The genus Fusarium is a common endophytic inhabitant of many plants. More than 120 different formae speciales of Fusarium have been identified based on specificity to host species belonging to a wide range of plant families (Michielse and Rep 2009). The endophytic Fusarium spp. is capable of promoting host growth, performs activities against plant and clinical pathogens, and has different antibiotic coverage and potency among various strains (Perk and others 2003; Phongpaichit and others 2006; Vu and others 2006). Our results were consistent with these observations, showing that Fusarium was dominant among the antimicrobial isolates from D. loddigesii and that one isolate of Fusarium named DL26 accelerated plant growth. The former one was similar to that of endophytes from the medicinal plants Dracaena cambodiana and Aquilaria sinensis (Gong and Guo 2009). These studies suggest that endophytes affect plant communities by increasing fitness through biotic tolerance and increasing biomass. They also imply that the genus Fusarium has potential as a source of antibiotics and as a biological control agent.

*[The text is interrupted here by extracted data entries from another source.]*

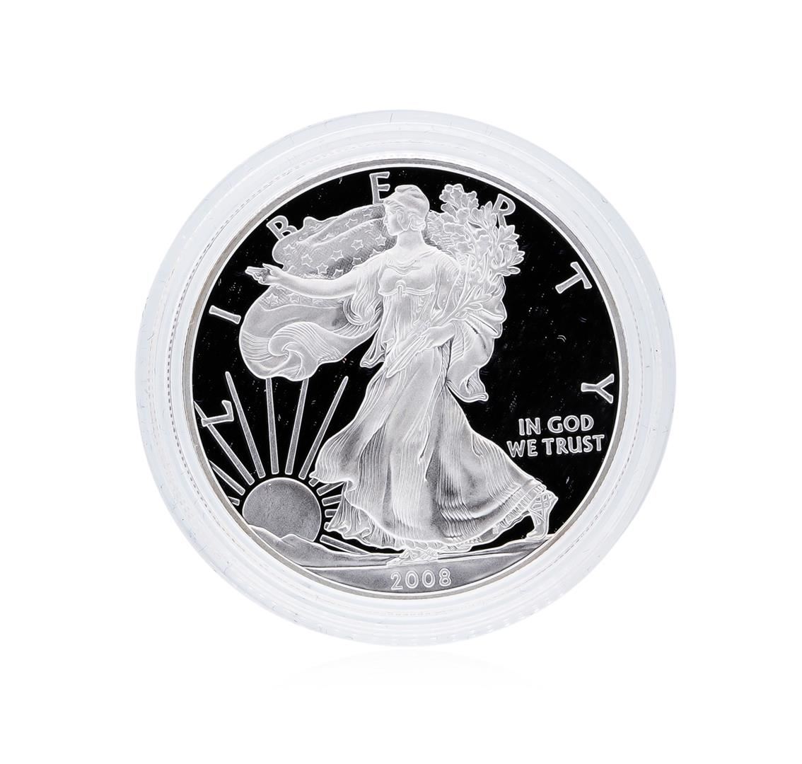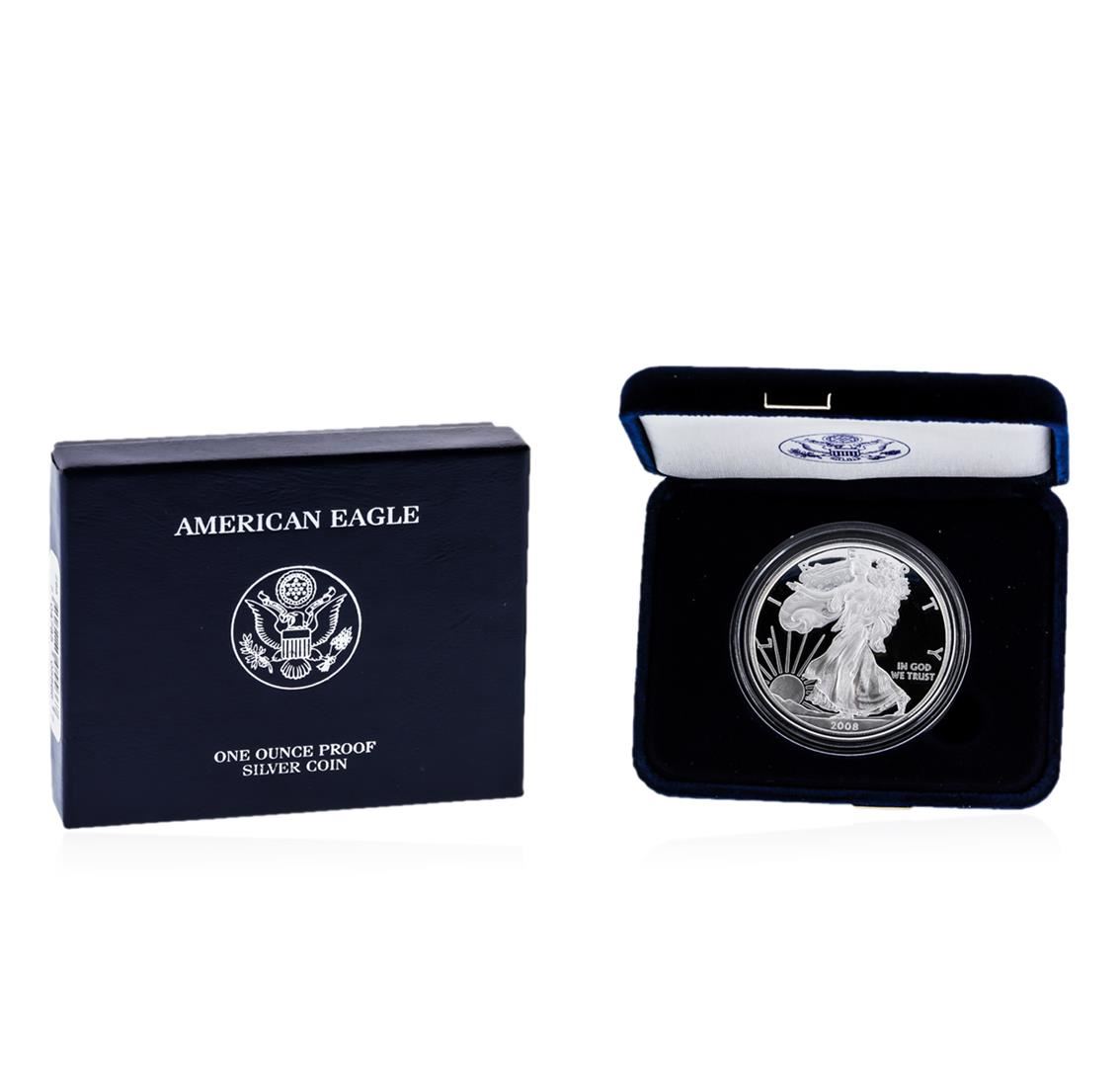 One 2008 1oz American Silver Eagle Proof Coin with Box and Certificate of Authenticity. This Silver American Eagle coin's limited mintage makes it a popular choice for any collector.
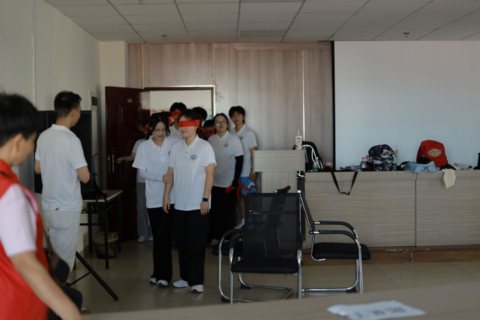 在轻松愉悦的氛围中,徐展部长通过趣味心理游戏,引导成员们敞开心扉、相互了解,迅速打破彼此间的陌生感。随后,一系列团队合作小游戏轮番上阵,成员们分组竞技,在沟通、配合中逐渐培养起默契,现场欢声笑语不断,团队的凝聚力在热烈的氛围中悄然提升。其中,“蒙眼同行”游戏将活动推向高潮。一名同学蒙上双眼,完全信任同伴的指引,另一名同学则小心翼翼地带领其穿越障碍。这一过程不仅考验着团队成员间的信任,更彰显了协作的重要性。
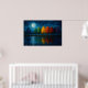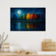 A radiant moon casts its glow over a tranquil body of water, illuminating a row of trees whose foliage transitions through a full chromatic spectrum—from verdant green to golden yellow, fiery orange, deep crimson, and violet dusk. The night sky, rich with stars and swirling clouds, envelops the scene in serenity, while the water below mirrors the vibrant gradient with gentle distortion. Lunar Spectrum invites viewers into a dreamlike moment where color, light, and reflection converge. It evokes themes of emotional transformation, seasonal passage, and the quiet magic of moonlit solitude.
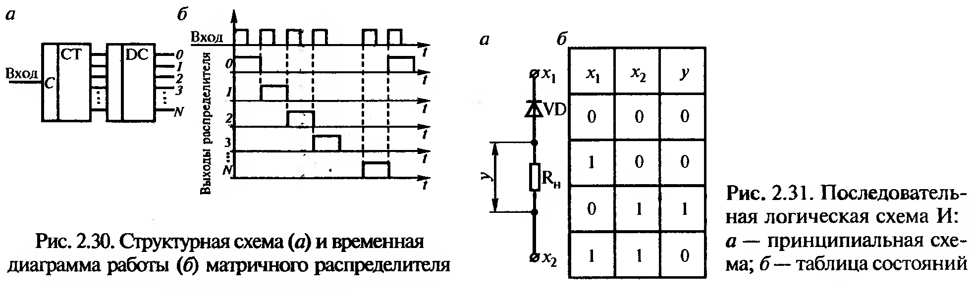 В распределителях могут быть использованы одно- или многоступенчатые дешифраторы. Одноступенчатые дешифраторы в распределителях применяются при числе выходов N≤16 (реже при N= 32). При большем числе выходов в распределителях используются многоступенчатые дешифраторы, позволяющие значительно уменьшить число логических элементов. Так в распределителе с двухразрядным счетчиком применяются дешифраторы с последовательными схемами совпадения И. Принципиальная электрическая схема последовательного логического элемента И приведена на рис. 2.31, о. Схема включает один диод VD и резистор нагрузки RH. По резистору может протекать ток только при одной комбинации входных потенциалов (сигналов): на входе x1 низкий
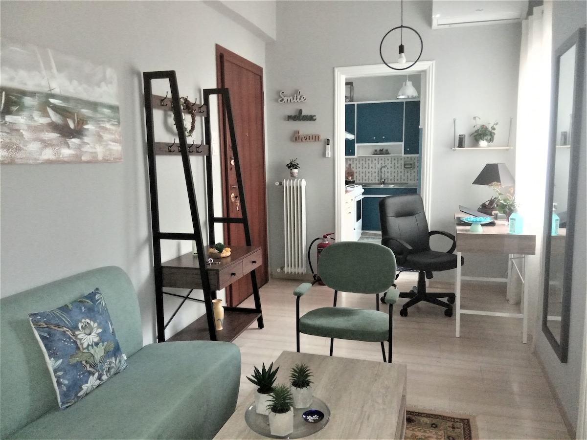 A warm, inviting apartment with a striking teal sofa and plenty of plants to bring calm and character. Includes a large Smart TV, fully equipped kitchen essentials, and strong Wi-Fi. Perfect for couples or solo travelers seeking comfort and convenience. Located just a 7-minute walk from the Metro, this is an ideal Athens stay with relaxing design and excellent transport connections.
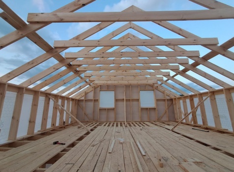 • Фронтоны на дому по 7.0 стороне ( согласно проекта ): каркасно-щитовые, обшиваются Имитацией бруса

Few articles on useful biological activities of the genus Pyrenochaeta are available except one about the metabolites of P. terrestris which showed antibiotic activity against fungi and bacteria (Sparace and others 1987). Three of the most common species, P. lycopersici, P. romeroi, and P. terrestris, turned out to be pathogens of plants, animals, and humans, respectively (Chen and Chen 2003; Desnos-Ollivier and others 2006; Fiume and Fiume 2008). In our antimicrobial assay, DL351 (Pyrenochaeta sp.) showed antimicrobial activities against clinical pathogens. We also showed for the first time, to our knowledge, the beneficial action of DL351 on host plants. Moreover, DL351 was the only strain to both reliably improve host growth and inhibit microbial activity in the present investigation. Because of the absence of a definite outcome, no specific Dendrobium pathogens were applied in the evaluation of the antimicrobial assay. This was a limitation of our study. The unknown biological nature of isolate DL351 responsible for the dual activity of microbial inhibition and plant growth promotion deserves further study.